In recent years, philosophy of psychiatry has moved away from traditional areas of inquiry such as questions of nosology and the demarcation of mental disorder, to more wide ranging debates concerning the relationship between rationality and mental health. For instance, though one might think mental disorders involving delusions, such as schizophrenia, clearly involve failures of epistemic rationality, the work of Lisa Bortolotti demonstrates the difficulty of disambiguating delusions from ordinary beliefs. 
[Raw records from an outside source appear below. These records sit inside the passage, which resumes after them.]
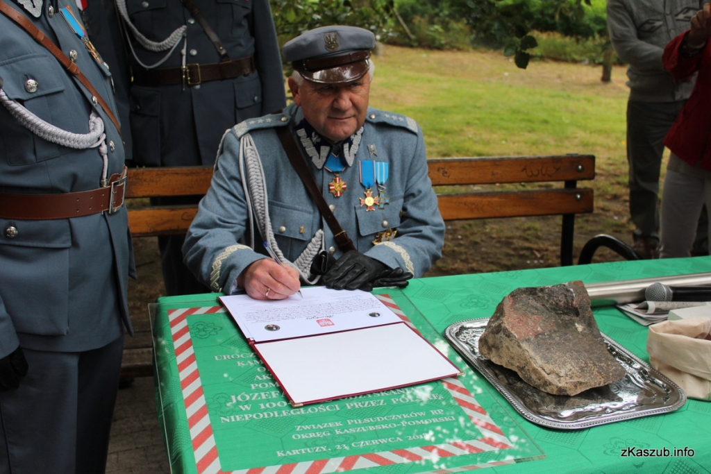 Dokładnie o godzinie dwunastej rozpoczęły się uroczystości związane z wmurowaniem kamienia węgielnego pod pomnik marszałka Józefa Piłsudskiego w parku im. 66 Kaszubskiego Pułku Piechoty, który nosił imię marszałka. Inicjatorem budowy jest Związek Piłsudczyków RP o. Kartuzy.
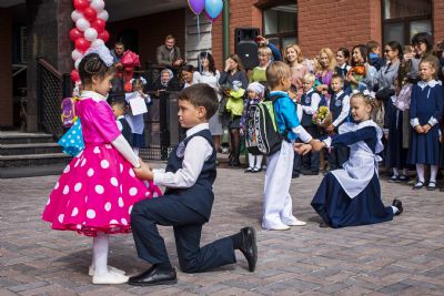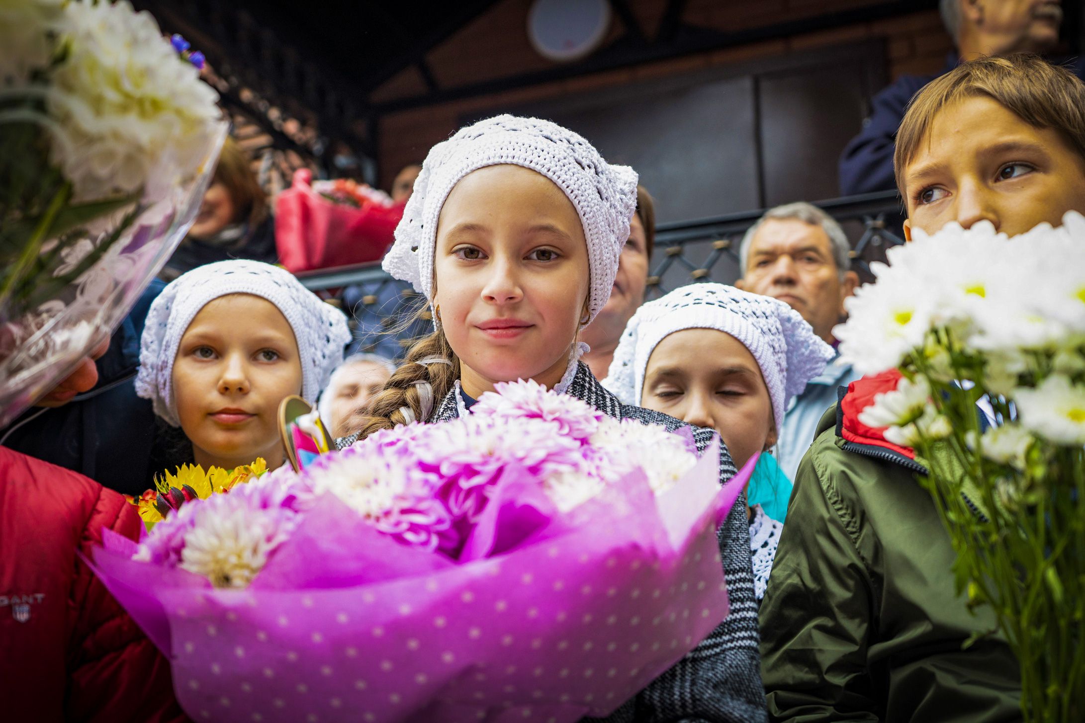 Завершилась праздничная линейка традиционным первым звонком, который пригласил детей в классы.
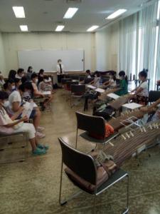 とうとう、愛知県にも 8月27日に緊急事態宣言が発令されました。 幸い規制は30日からという事で無事、4回目の講座は開くことができました。 最終回はまとめとして、各グループ毎の練習の後、家族の方達を観客に発表会をいたしました。 演奏は各グループ共 [たこたこあがれ] [練習1] [雀] 他に 1、2年生は[チラチラと] 3年生から6年生は[さくら] の4曲を発表しました。 姿勢よく、大きな音でリズムも正確な、立派な発表でした。 皆さんとても優秀で、四回の講座でめざましい成果を出してくださいました。 この方達が、引き続きお琴に興味を持ち続け、お琴を弾き続けてくださることを望みながら、今回の講座を終了いたしました。 |
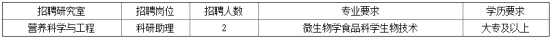 福建省農業科學農業工程技術研究所營養科學與工程研究室因工作需要,擬向社會公開招聘編外科研輔助人員2名,具體方案如下:
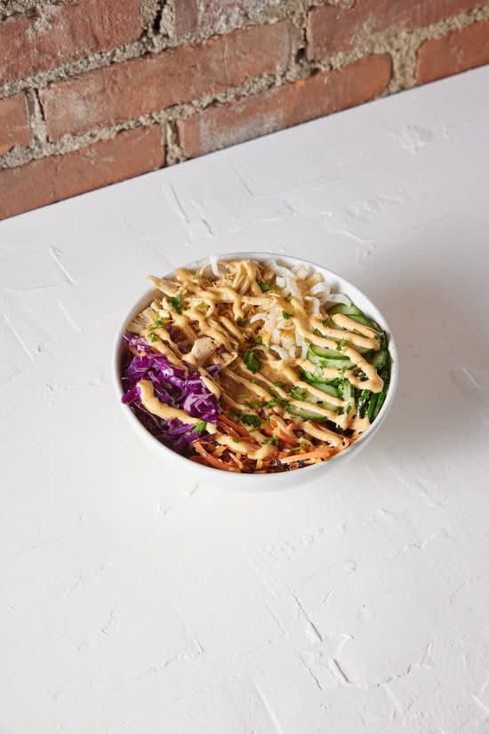 Organic Hoisin Tofu OR Beyond Meat Vegan Chicken | White Rice | Peanut Sauce | Cucumbers | Carrots | Cabbage | Crispy Rice Noodles | Cilantro
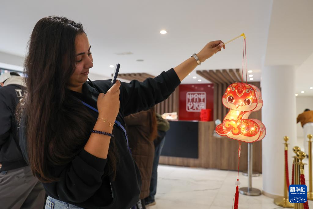 当日,元宵节庆祝活动在拉巴特中国文化中心举行。摩洛哥民众体验蛇形灯笼制作,庆祝元宵节。

I consider a parallel problem in the characterisation of mental illness by one of the most prominent schools of contemporary therapy, Cognitive Behaviour Therapy (CBT). CBT describes mental illnesses such as depression in terms of "thinking errors", suggesting that the basis of mental disorder involves familiar epistemic errors such as unwarranted inferences and the holding of inaccurate beliefs. I will begin by demonstrating that CBT's description of mental illness is unsupported by current research, then draw some general lessons not only for questions of mental disorder but philosophical debates concerning rationality more broadly. Briefly, I shall argue that mental disorders such as depression, if they involve failures of rationality at all, are more likely to involve failures of epistemic rather than practical rationality and that philosophical debates in rationality should reconsider their tendency to assume that epistemic rationality is somehow superior to, or 'trumps' practical rationality.